Write out only the lines from the line that holds "Ultimate Foot Care" to the end of the listing below, inclusive, with the pictures omitted.

:: EXTRACTED RECORDS ::
▼▼▼
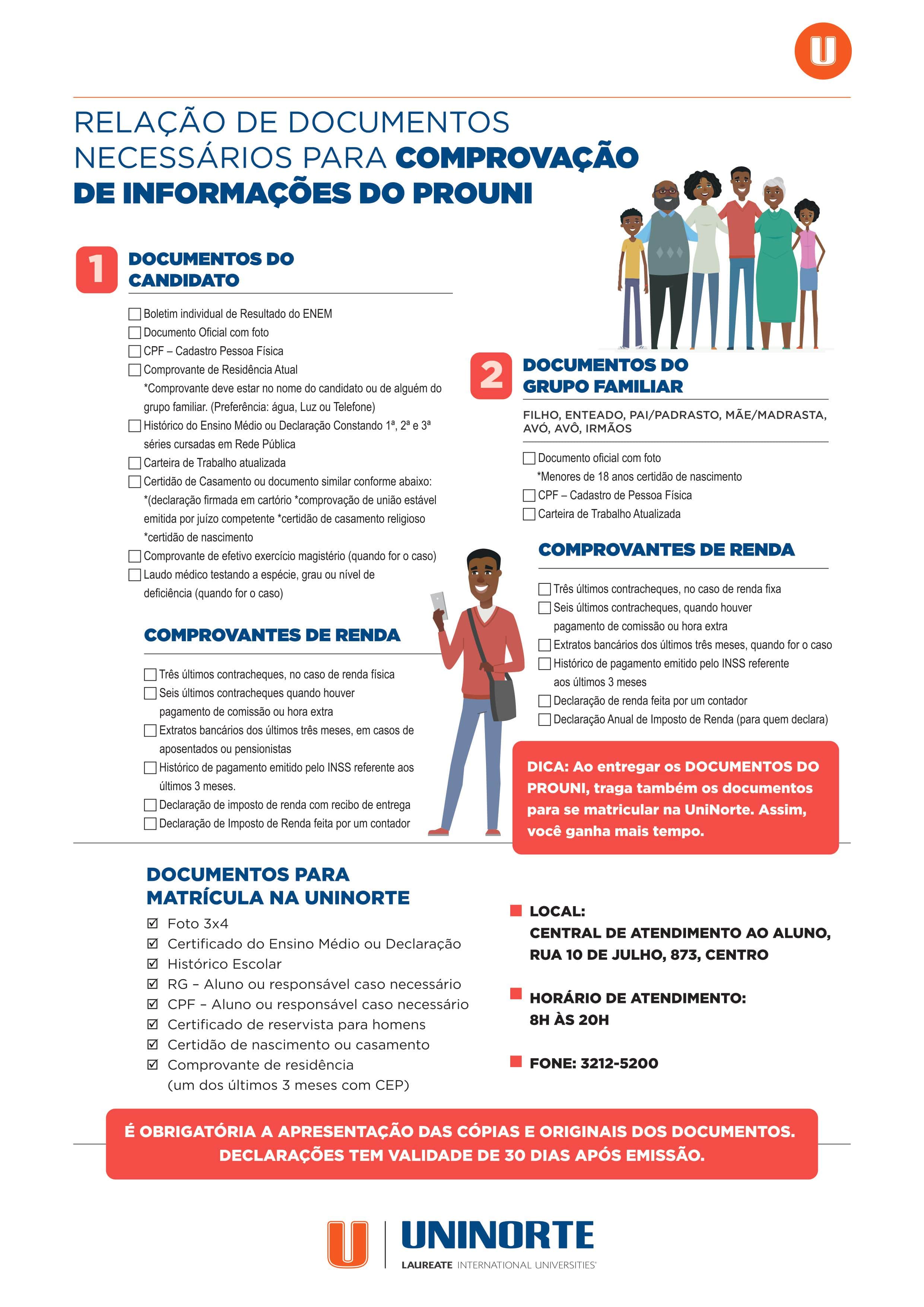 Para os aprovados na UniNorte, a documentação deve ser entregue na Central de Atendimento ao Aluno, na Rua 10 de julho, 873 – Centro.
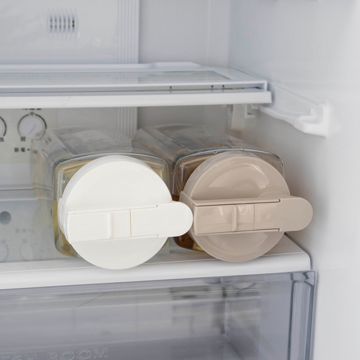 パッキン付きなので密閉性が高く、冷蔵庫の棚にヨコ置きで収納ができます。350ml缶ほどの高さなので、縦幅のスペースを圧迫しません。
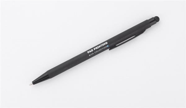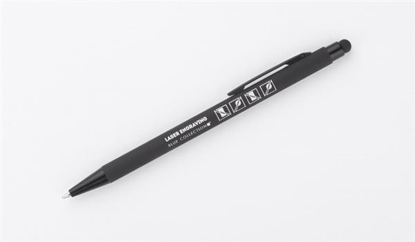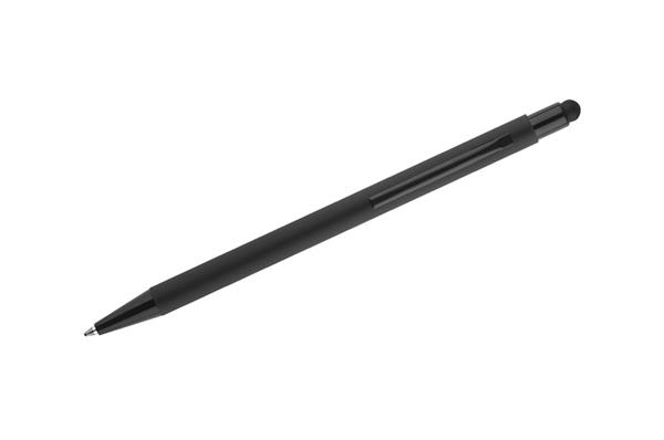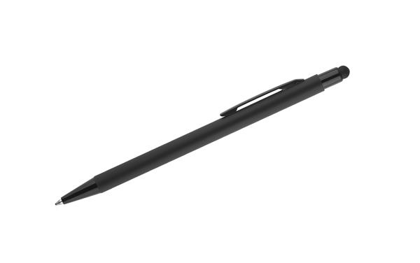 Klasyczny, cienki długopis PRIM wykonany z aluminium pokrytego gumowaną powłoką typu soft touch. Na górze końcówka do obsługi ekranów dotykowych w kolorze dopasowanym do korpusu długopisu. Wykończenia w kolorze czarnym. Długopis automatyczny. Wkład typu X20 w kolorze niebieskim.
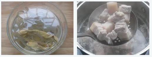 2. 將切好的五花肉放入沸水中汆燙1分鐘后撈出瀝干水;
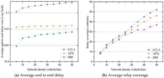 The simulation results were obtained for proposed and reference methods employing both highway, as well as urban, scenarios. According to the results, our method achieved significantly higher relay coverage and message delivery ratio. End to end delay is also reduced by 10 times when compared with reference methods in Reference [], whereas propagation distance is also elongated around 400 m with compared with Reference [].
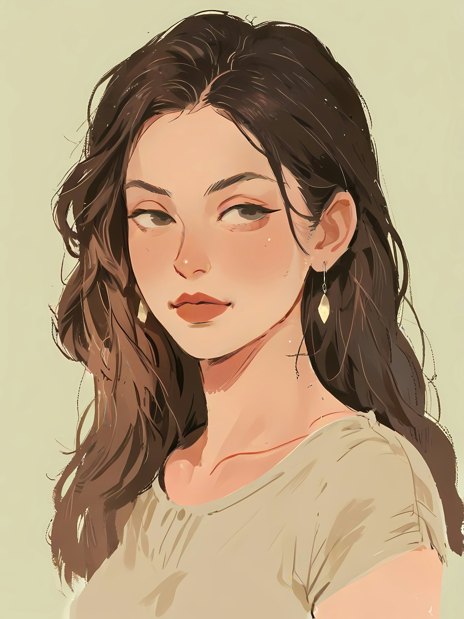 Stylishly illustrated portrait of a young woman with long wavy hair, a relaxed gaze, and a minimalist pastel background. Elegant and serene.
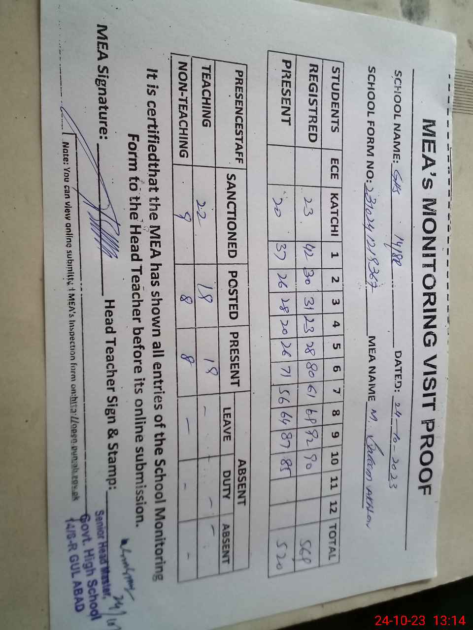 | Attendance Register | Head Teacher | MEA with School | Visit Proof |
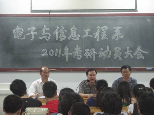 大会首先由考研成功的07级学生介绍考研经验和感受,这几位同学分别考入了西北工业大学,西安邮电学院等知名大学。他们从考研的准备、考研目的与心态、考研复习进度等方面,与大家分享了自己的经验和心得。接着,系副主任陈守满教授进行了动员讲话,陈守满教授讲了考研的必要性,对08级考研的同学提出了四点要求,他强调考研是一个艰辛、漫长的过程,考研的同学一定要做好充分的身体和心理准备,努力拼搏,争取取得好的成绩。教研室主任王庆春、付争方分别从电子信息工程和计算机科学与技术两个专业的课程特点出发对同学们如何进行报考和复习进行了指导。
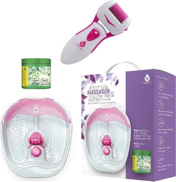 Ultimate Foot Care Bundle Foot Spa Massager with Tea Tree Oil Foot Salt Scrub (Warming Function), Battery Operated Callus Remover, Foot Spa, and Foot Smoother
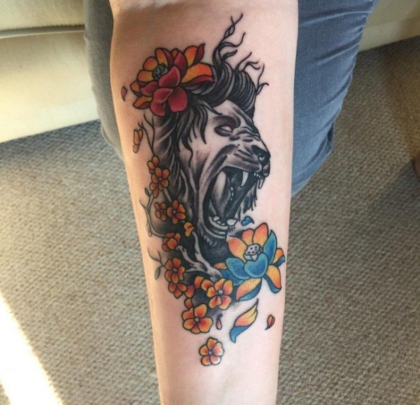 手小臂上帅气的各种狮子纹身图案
▲▲▲
:: SOLUTION TO THE EXERCISE ::
 Ultimate Foot Care Bundle Foot Spa Massager with Tea Tree Oil Foot Salt Scrub (Warming Function), Battery Operated Callus Remover, Foot Spa, and Foot Smoother
 手小臂上帅气的各种狮子纹身图案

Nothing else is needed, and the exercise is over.